### Problem details
The lines below, from the first through the one containing "杨文荣继承(受遗赠)不动产登记公告-公示公告-营口市不动产登记中心", are to be given again exactly, with pictures left out and nothing added.

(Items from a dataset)
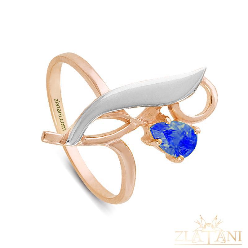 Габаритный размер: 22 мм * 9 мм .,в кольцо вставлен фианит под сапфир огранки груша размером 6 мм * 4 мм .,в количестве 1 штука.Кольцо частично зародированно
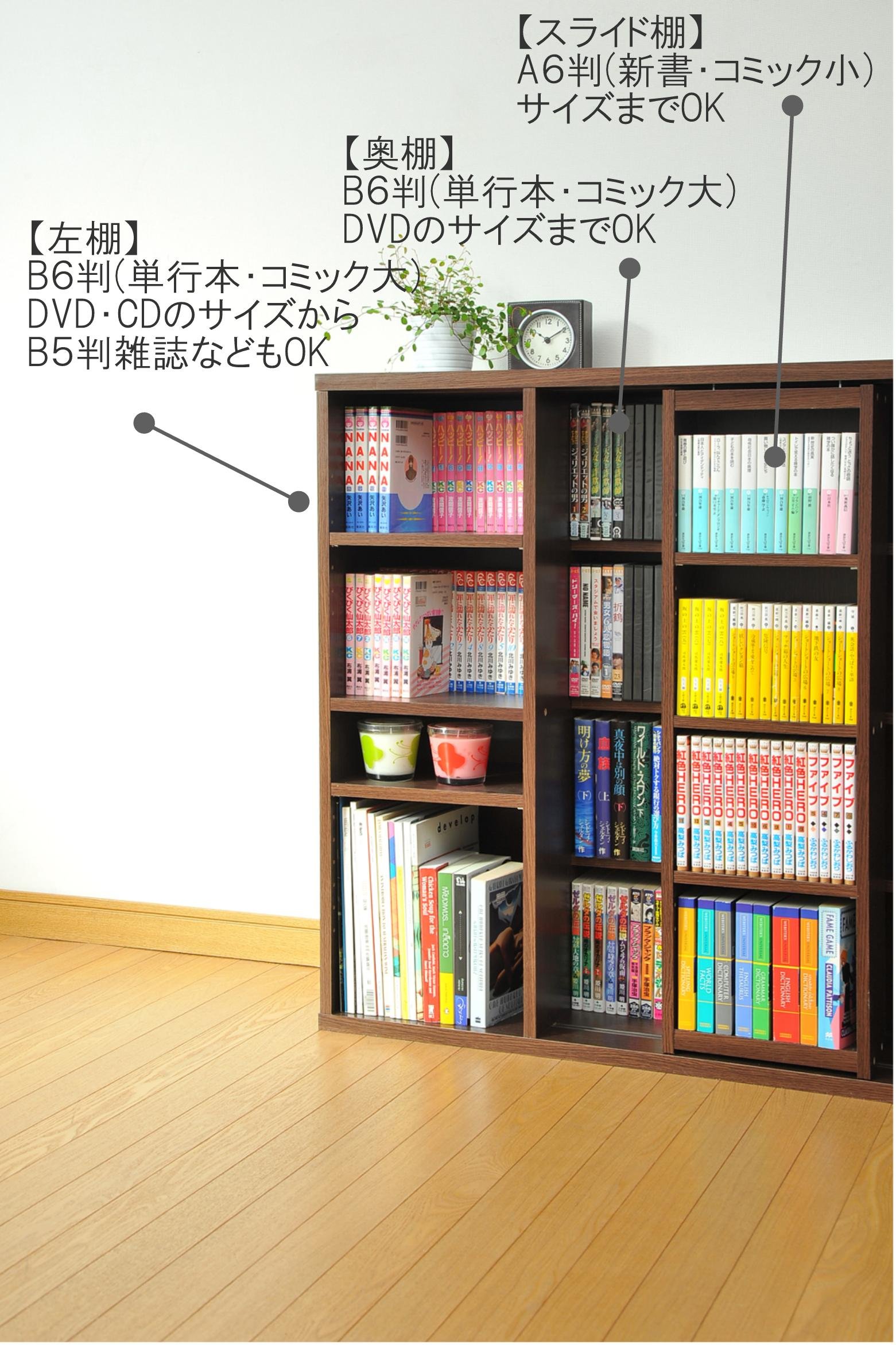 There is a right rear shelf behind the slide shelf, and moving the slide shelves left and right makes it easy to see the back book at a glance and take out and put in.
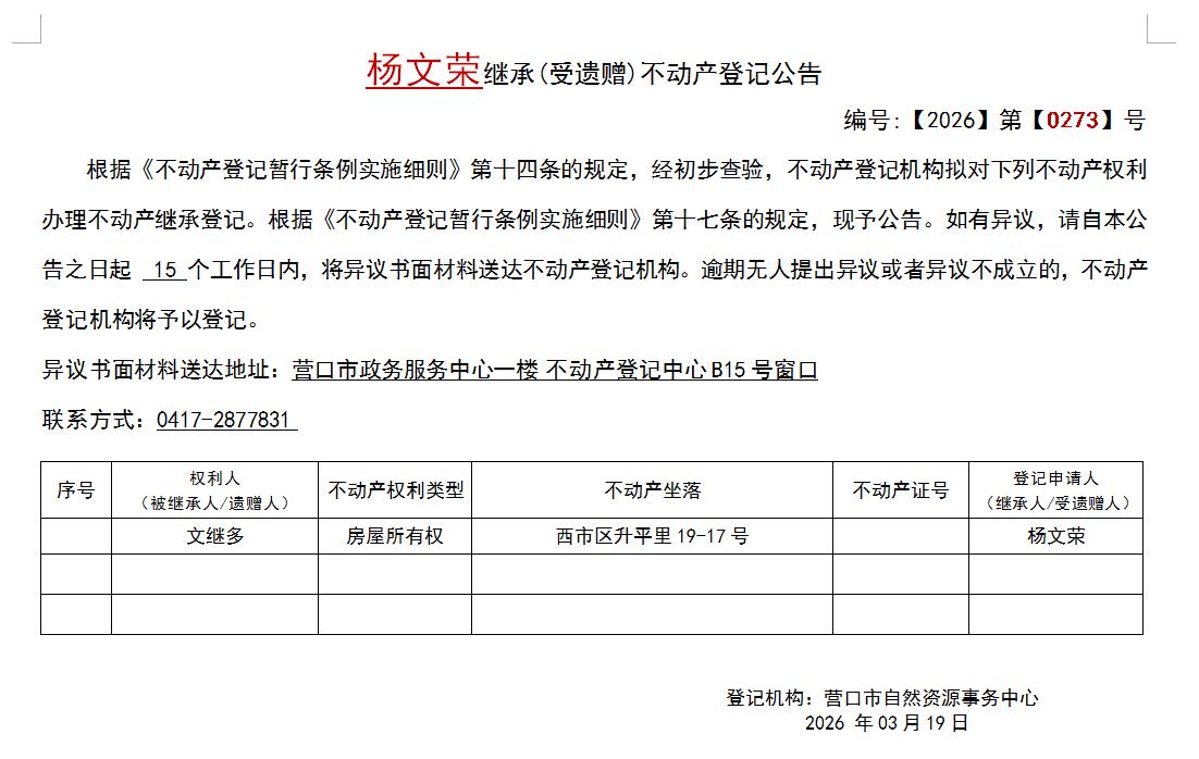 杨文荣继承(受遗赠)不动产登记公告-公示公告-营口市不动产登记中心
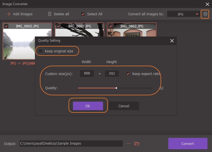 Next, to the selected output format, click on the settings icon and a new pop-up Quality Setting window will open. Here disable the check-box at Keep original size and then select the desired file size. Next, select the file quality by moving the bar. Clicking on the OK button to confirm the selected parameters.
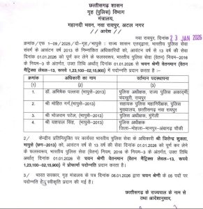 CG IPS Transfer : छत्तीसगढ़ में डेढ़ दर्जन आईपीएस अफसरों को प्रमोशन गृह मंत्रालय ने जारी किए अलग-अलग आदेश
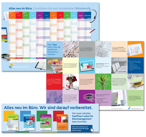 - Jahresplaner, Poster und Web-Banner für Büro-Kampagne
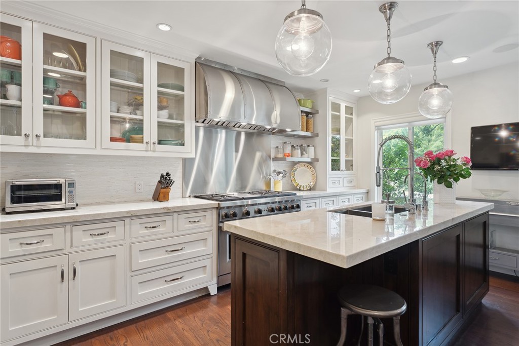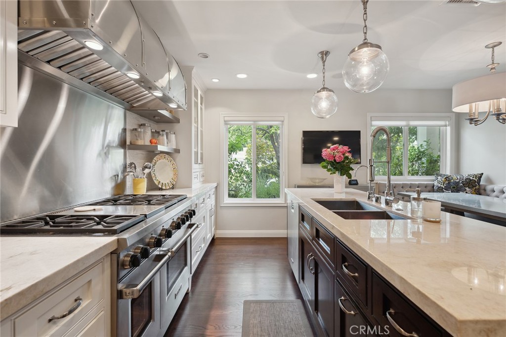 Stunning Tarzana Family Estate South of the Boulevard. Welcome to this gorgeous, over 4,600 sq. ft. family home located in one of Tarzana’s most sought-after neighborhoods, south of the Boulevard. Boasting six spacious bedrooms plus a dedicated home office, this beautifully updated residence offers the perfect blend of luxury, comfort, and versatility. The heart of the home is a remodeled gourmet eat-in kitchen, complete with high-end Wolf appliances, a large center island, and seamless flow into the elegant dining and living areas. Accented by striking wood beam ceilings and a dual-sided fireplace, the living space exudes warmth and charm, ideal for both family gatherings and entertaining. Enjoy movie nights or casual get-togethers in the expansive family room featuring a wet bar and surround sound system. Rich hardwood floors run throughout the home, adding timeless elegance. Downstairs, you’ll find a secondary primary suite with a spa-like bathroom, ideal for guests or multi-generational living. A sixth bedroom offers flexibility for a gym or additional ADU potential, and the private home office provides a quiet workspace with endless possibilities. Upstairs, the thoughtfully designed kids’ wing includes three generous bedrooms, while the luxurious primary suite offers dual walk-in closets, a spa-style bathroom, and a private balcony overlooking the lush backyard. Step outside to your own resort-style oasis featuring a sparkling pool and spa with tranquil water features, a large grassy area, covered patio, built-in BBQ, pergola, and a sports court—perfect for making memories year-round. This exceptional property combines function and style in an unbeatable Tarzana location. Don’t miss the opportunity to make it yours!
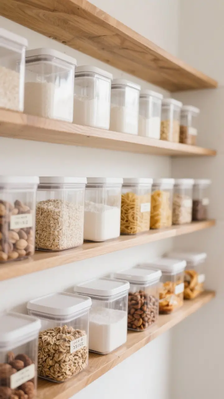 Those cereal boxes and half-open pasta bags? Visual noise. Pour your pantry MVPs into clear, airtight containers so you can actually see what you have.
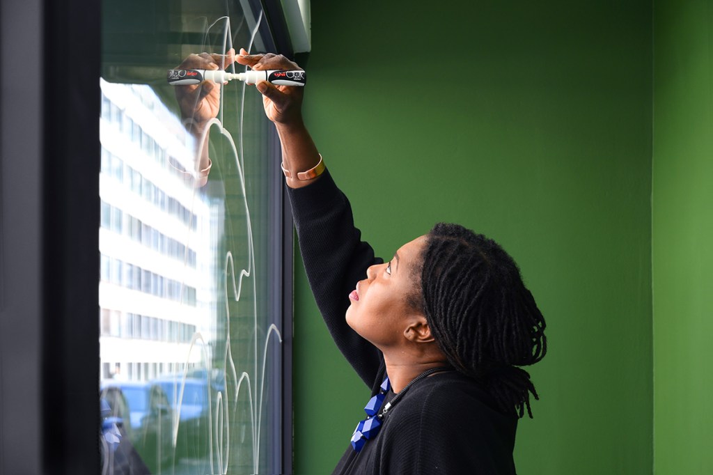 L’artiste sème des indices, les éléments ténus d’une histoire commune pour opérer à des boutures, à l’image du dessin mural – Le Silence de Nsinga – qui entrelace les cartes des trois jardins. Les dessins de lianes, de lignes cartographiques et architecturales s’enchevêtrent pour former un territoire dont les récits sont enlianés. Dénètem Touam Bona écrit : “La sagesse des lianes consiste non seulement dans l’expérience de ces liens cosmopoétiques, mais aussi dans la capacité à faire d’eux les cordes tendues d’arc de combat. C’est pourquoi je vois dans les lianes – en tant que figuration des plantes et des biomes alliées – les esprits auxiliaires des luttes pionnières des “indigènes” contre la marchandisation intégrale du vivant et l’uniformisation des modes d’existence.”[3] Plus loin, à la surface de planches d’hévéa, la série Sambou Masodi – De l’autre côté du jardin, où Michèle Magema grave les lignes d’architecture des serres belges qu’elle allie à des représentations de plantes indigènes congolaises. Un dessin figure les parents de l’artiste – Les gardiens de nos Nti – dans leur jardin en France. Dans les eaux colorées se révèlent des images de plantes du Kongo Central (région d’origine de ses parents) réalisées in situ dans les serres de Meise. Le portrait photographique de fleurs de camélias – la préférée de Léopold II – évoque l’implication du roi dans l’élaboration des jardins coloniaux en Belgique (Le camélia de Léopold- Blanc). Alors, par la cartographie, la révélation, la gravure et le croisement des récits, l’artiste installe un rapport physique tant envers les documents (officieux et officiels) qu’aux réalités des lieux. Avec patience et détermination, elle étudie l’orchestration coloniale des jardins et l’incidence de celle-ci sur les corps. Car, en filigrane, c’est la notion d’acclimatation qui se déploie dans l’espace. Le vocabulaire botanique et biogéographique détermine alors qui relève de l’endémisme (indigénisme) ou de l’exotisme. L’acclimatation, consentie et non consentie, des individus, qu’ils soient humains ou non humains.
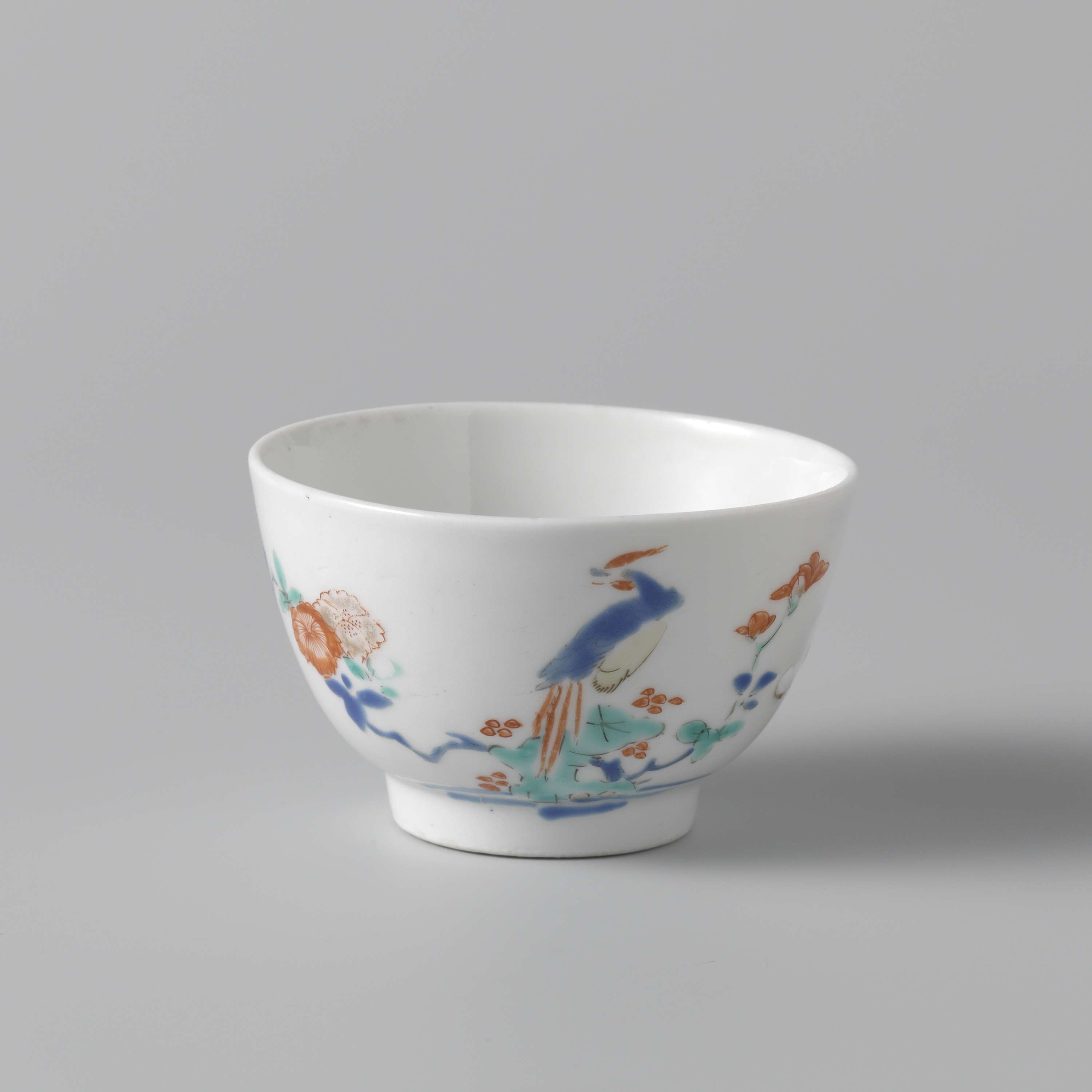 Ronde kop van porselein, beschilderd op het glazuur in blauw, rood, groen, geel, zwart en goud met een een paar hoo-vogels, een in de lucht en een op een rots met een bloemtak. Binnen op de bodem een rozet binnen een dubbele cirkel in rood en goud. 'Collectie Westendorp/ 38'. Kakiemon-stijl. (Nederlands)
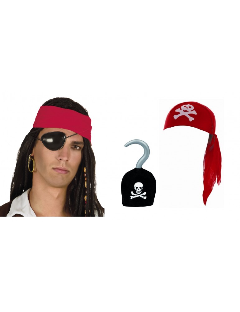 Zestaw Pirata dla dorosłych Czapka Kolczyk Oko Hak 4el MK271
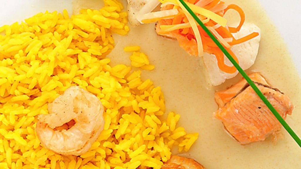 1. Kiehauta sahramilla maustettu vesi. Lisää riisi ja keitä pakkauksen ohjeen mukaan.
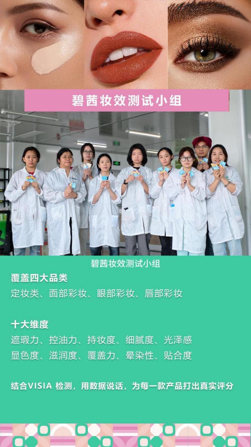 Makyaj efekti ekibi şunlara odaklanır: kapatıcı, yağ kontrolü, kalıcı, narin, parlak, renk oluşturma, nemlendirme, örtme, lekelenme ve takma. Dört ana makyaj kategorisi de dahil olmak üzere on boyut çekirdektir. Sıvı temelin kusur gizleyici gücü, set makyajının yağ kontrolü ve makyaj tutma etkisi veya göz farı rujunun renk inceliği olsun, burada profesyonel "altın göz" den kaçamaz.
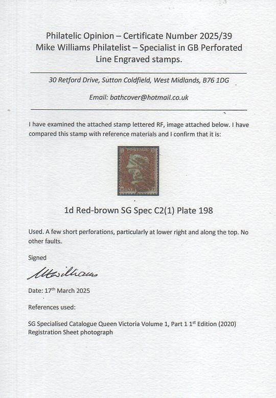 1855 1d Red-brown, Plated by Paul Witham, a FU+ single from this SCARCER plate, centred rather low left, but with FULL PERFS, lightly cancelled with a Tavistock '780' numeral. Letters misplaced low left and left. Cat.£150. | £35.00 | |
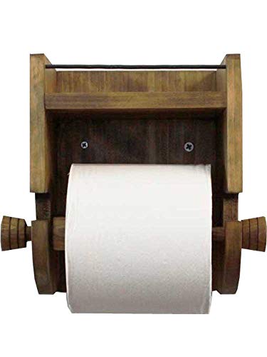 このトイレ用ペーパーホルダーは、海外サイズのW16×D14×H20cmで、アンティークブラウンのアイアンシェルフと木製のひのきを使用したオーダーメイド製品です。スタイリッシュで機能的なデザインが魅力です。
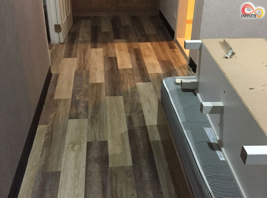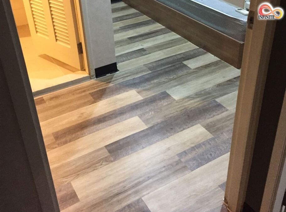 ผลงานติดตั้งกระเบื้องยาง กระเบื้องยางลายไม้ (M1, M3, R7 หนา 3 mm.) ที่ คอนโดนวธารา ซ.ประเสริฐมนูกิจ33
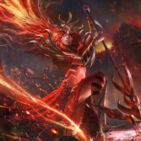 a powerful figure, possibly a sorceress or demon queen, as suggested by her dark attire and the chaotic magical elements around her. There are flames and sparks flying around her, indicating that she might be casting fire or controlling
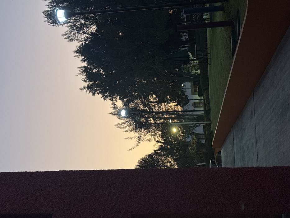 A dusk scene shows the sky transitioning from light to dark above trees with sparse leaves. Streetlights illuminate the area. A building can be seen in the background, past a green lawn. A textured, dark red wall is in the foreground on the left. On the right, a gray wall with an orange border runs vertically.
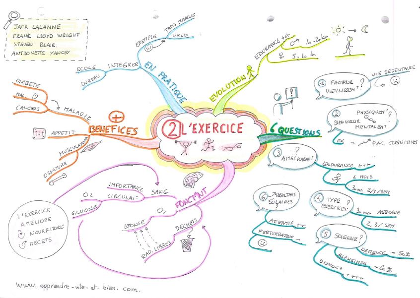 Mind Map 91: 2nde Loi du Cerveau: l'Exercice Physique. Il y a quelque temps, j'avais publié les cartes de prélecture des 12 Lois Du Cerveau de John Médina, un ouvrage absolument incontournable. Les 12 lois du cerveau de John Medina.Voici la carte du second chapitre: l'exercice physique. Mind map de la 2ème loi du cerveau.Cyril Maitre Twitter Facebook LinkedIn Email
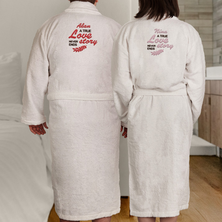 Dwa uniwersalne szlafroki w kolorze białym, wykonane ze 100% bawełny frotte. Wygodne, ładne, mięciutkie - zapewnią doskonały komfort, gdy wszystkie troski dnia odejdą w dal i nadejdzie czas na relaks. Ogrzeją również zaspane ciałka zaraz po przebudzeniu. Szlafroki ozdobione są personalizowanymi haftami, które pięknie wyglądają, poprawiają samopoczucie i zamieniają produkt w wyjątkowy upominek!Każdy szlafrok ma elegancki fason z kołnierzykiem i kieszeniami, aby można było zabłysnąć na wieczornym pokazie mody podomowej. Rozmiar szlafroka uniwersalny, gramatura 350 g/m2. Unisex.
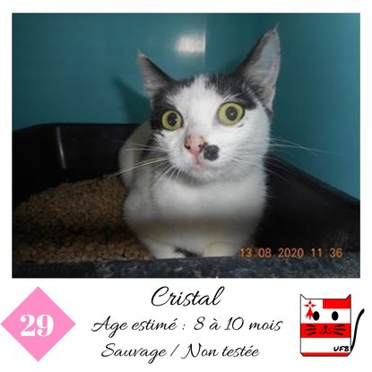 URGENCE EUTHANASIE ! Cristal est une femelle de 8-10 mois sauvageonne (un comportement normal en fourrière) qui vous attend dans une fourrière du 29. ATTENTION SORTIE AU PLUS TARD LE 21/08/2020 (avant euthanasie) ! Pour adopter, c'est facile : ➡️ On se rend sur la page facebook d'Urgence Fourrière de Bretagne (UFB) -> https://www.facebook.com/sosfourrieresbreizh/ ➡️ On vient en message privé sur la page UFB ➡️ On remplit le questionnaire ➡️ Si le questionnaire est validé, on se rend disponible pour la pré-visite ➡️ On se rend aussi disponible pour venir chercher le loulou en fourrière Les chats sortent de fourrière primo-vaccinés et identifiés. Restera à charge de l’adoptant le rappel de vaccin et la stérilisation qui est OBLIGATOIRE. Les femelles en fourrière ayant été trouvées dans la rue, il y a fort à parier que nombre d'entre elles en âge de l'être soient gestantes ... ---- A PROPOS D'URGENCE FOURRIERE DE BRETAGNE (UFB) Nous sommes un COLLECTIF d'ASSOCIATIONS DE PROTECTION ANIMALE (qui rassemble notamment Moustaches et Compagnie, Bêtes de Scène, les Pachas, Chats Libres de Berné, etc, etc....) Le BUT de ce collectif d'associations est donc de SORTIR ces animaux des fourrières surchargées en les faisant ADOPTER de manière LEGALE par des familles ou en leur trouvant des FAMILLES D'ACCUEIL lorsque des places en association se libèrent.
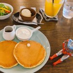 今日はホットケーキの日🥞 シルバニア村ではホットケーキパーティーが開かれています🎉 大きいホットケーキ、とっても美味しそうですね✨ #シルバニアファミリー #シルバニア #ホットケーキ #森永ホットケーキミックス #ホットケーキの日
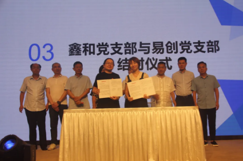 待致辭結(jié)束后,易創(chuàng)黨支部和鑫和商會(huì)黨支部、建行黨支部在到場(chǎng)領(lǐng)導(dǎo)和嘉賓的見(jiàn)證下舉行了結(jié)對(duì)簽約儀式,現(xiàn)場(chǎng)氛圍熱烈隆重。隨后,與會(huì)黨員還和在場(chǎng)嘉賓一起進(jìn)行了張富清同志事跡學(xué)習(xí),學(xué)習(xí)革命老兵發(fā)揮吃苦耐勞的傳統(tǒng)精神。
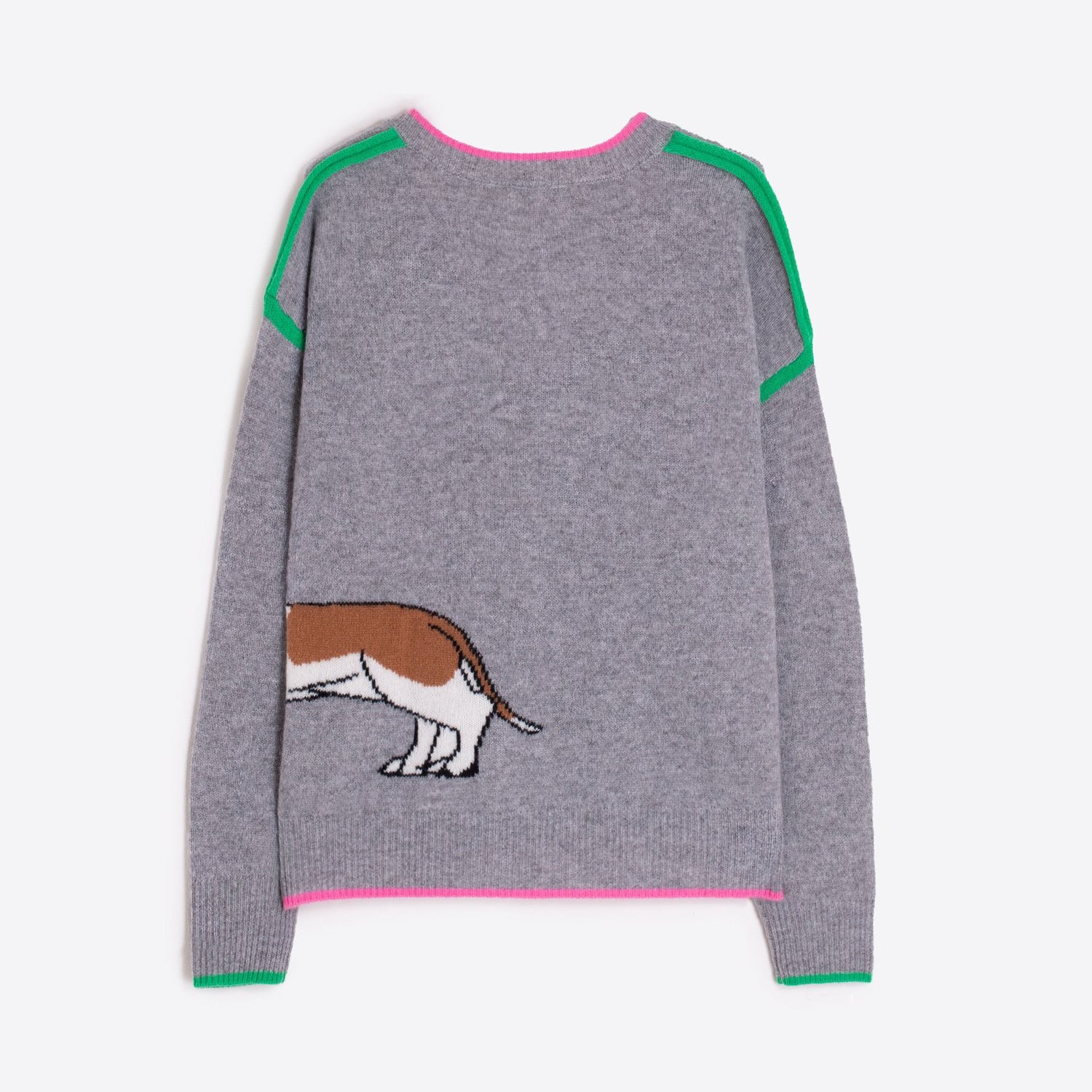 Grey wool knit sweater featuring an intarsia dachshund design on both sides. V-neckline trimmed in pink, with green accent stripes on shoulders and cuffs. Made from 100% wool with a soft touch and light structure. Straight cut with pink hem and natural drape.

### Output
 Габаритный размер: 22 мм * 9 мм .,в кольцо вставлен фианит под сапфир огранки груша размером 6 мм * 4 мм .,в количестве 1 штука.Кольцо частично зародированно
 There is a right rear shelf behind the slide shelf, and moving the slide shelves left and right makes it easy to see the back book at a glance and take out and put in.
 杨文荣继承(受遗赠)不动产登记公告-公示公告-营口市不动产登记中心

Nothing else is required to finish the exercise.